(Provided data)
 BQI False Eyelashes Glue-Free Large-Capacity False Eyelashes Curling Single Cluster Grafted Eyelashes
(End Provided data)
(Provided data)
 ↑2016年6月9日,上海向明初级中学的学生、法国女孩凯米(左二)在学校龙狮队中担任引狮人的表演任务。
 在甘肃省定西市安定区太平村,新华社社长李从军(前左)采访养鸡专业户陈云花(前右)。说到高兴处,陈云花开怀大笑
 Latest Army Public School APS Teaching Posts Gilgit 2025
(End Provided data)
Aim of the exercise ▸ Above are the entries. Output exactly the lines beginning with the line that has "在甘肃省定西市安定区太平村,新华社社长李" and ending with the line that has "Latest Army Public".

Answer to this problem ▸
 在甘肃省定西市安定区太平村,新华社社长李从军(前左)采访养鸡专业户陈云花(前右)。说到高兴处,陈云花开怀大笑
 Latest Army Public School APS Teaching Posts Gilgit 2025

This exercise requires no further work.